Which regex condition could I use in to capture a math formula with units in R?

80 Views Asked by At

I am looking at codes in odf formulas that look a bit like this: {500mgl} over {4.05grams} Example

I want to use a regex with gsub in R to enclose in brackets all of the elements with the pattern

([0-9]+)([A-Za-z]+)

to avoid some units not displaying in the denominator. However, if I do this, the respective units will end up separated from the real number: 4,{0.5g} So what I want to enclose first the numbers with the commas:

a<-"4,05g"
gsub("([0-9]+)(\\,)([0-9]+)([A-Za-z]+)","{\\1\\2\\3\\4}",a)

and then, enclose with brackets the pattern:

([0-9]+)([A-Za-z]+)

but only if there is not an opening bracket before the pattern. I've tried searching the web for how look back syntax works with regex, however, I get pretty confused with how it works within R's gsub. I tried things like this:

gsub("([^\\.])([0-9]+)([A-Za-z]+)","{\\2\\3}",a)
gsub("(?[\\.])([0-9]+)([A-Za-z]+)","{\\2\\3}",a)
gsub("(!\\.?)([0-9]+)([A-Za-z]+)","{\\2\\3}",a)

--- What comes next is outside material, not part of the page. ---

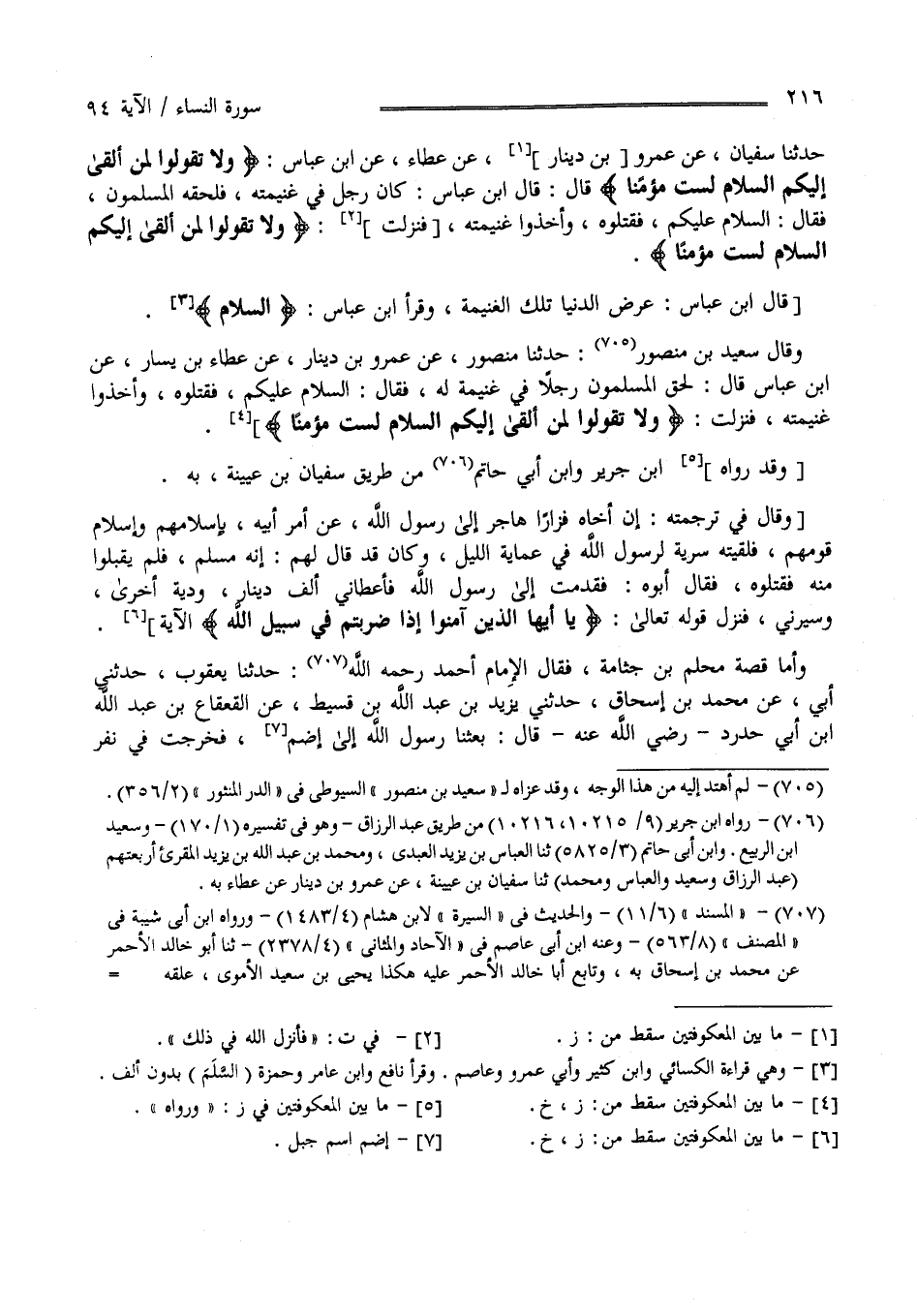حَدَّثَنَا سُفْيَان عَنْ عَمْرو بْن دِينَار عَنْ عَطَاء عَنْ اِبْن عَبَّاس " وَلَا تَقُولُوا لِمَنْ أَلْقَى إِلَيْكُمْ السَّلَام لَسْت مُؤْمِنًا " قَالَ : قَالَ اِبْن عَبَّاس : كَانَ رَجُل فِي غُنَيْمَة لَهُ فَلَحِقَهُ الْمُسْلِمُونَ فَقَالَ السَّلَام عَلَيْكُمْ فَقَتَلُوهُ وَأَخَذُوا غُنَيْمَته فَأَنْزَلَ اللَّه فِي ذَلِكَ " وَلَا تَقُولُوا لِمَنْ أَلْقَى إِلَيْكُمْ السَّلَام لَسْت مُؤْمِنًا " قَالَ اِبْن عَبَّاس عَرَض الدُّنْيَا تِلْكَ الْغُنَيْمَة وَقَرَأَ اِبْن عَبَّاس عَلَيْهِ السَّلَام وَقَالَ سَعِيد بْن مَنْصُور حَدَّثَنَا مَنْصُور عَنْ عَمْرو بْن دِينَار عَنْ عَطَاء بْن يَسَار عَنْ اِبْن عَبَّاس قَالَ : لَحِقَ الْمُسْلِمُونَ رَجُلًا فِي غُنَيْمَة لَهُ فَقَالَ السَّلَام عَلَيْكُمْ فَقَتَلُوهُ وَأَخَذُوا غُنَيْمَته فَنَزَلَتْ " وَلَا تَقُولُوا لِمَنْ أَلْقَى إِلَيْكُمْ السَّلَام لَسْت مُؤْمِنًا " وَقَدْ رَوَاهُ اِبْن جَرِير وَابْن أَبِي حَاتِم مِنْ طَرِيق سُفْيَان بْن عُيَيْنَة بِهِ وَقَدْ قَالَ فِي تَرْجَمَة : إِنَّ أَخَاهُ فَزَارًا هَاجَرَ إِلَى رَسُول اللَّه صَلَّى اللَّه عَلَيْهِ وَسَلَّمَ عَنْ أَمْر أَبِيهِ بِإِسْلَامِهِمْ وَإِسْلَام قَوْمهمْ فَلَقِيَتْهُ سَرِيَّة لِرَسُولِ اللَّه صَلَّى اللَّه عَلَيْهِ وَسَلَّمَ فِي عِمَايَة اللَّيْل وَكَانَ قَدْ قَالَ لَهُمْ إِنَّهُ مُسْلِم فَلَمْ يَقْبَلُوا مِنْهُ فَقَتَلُوهُ فَقَالَ أَبُوهُ فَقَدِمْت عَلَى رَسُول اللَّه صَلَّى اللَّه عَلَيْهِ وَسَلَّمَ فَأَعْطَانِي أَلْف دِينَار وَدِيَة أُخْرَى وَسَيَّرَنِي فَنَزَلَ قَوْله تَعَالَى " يَا أَيّهَا الَّذِينَ آمَنُوا إِذَا ضَرَبْتُمْ فِي سَبِيل اللَّه " الْآيَة .

but honestly I have no idea what I'm doing.

EDIT: I think that the exemption for the previous character must be not a bracket but a comma. That way one would avoid the output

"0,3g
" 0,{3g}"

but be able to do

"30g"
"{30g}"
1

There are 1 best solutions below

0
Wiktor Stribiżew On

You can use

x <- "4,05g"
gsub("(\\d+(?:,\\d+)?[[:alpha:]]*)", "{\\1}", x)

See the R demo and the regex demo.

Details:

  • ( - Group 1 start (necessary as gsub does not support backreferences to the whole match):
    • \d+ - one or more digits
    • (?:,\d+)? - an optional sequence of a comma and one or more digits
    • [[:alpha:]]* - zero or more letters
  • ) - end of the group.

The \1 in the replacement is the value of Group 1.